Aiming for the world title
Recently crowned Best Sommelier of Asia and Oceania, 29 year-old Wataru Iwata lives in Kyoto, Japan, where he works as a sommelier in Wine Bar Cave de K. Wataru passed his ASI Sommelier Diploma in 2016, and then went on to win the title of Best Japanese Sommelier in 2017. He will now compete in next ASI Best Sommelier of the World in Antwerp, Belgium, on March 8-16, 2019.
We asked Wataru few questions about the contest and his expectations for the upcoming World’s Best Competition.
How does it feel to be the ASI Best Sommelier of Asia & Oceania 2018?
It was really tough competition, from the first theory exam all the way to the final. I definitely need to practice more and more to make it in Belgium!!
How do you think the title of ASI Best Sommelier of Asia & Oceania 2018 will impact you career?
Of course, it will impact my career a lot, yet I try not to think about it now. I want to focus on the International Competition in March.
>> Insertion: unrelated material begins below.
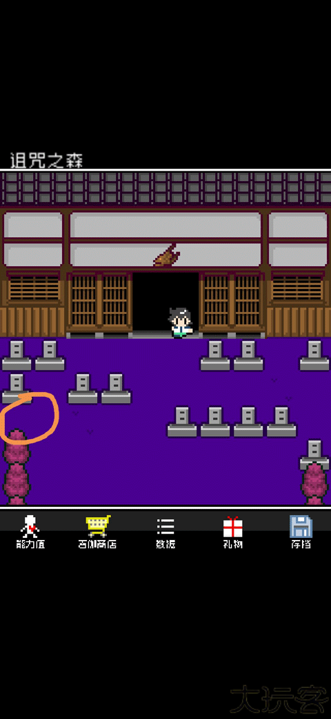 2、从图示入口顺时针绕寺一圈,击败守卫即可进入寺内,激活技能系统。

What are your plans for the future?
Well, to be honest, I actually have no plans. All I can say is that my dream is to become the world champion, just like Mr Tasaki Shinya-san, the President of our Japanese Sommelier Association.
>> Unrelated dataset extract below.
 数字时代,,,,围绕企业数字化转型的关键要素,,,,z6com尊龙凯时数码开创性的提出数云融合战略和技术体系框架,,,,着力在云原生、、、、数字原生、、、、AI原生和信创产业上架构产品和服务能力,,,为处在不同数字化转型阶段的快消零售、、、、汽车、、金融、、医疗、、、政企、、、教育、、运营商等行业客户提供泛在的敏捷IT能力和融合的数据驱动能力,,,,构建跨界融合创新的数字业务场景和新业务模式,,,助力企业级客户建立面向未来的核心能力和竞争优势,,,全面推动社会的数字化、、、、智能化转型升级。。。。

How do you think you can contribute to promoting food & beverage from your country, worldwide?
There are many Japanese restaurants in the world, so we can promote food & drink culture with things like Japanese sake, for instance. But it could also be interesting to present some Japanese wine! We have beautiful Japanese indigenous grape varieties such as Koshu and Muscat Bailey A, and also we are now making great wine from international grape varieties like Merlot from Nagano and Pinot Noir from Hokkaido!
You are qualified to ASI World Best Sommelier Competition in Belgium. What are your expectations?
As a Japanese Sommelier, I really like to represent Japanese hospitality.
Of course, my expectation is to go to the final and win!! I will keep studying and focusing, and do my best.
How is the sommelier profession in your country?
The sommelier profession is actually very well known, thanks to Mr Tasaki Shinya-san. But in general, the hospitality industry, including sommelier or culinary work, does not have a good image in Japan as young people think it is very tough job (well, every job is kind a tough, though…), with long hours, low wages and so on. So I really want to change this image through my career as a sommelier. It is therefore very important for me to participate in ASI competitions and win!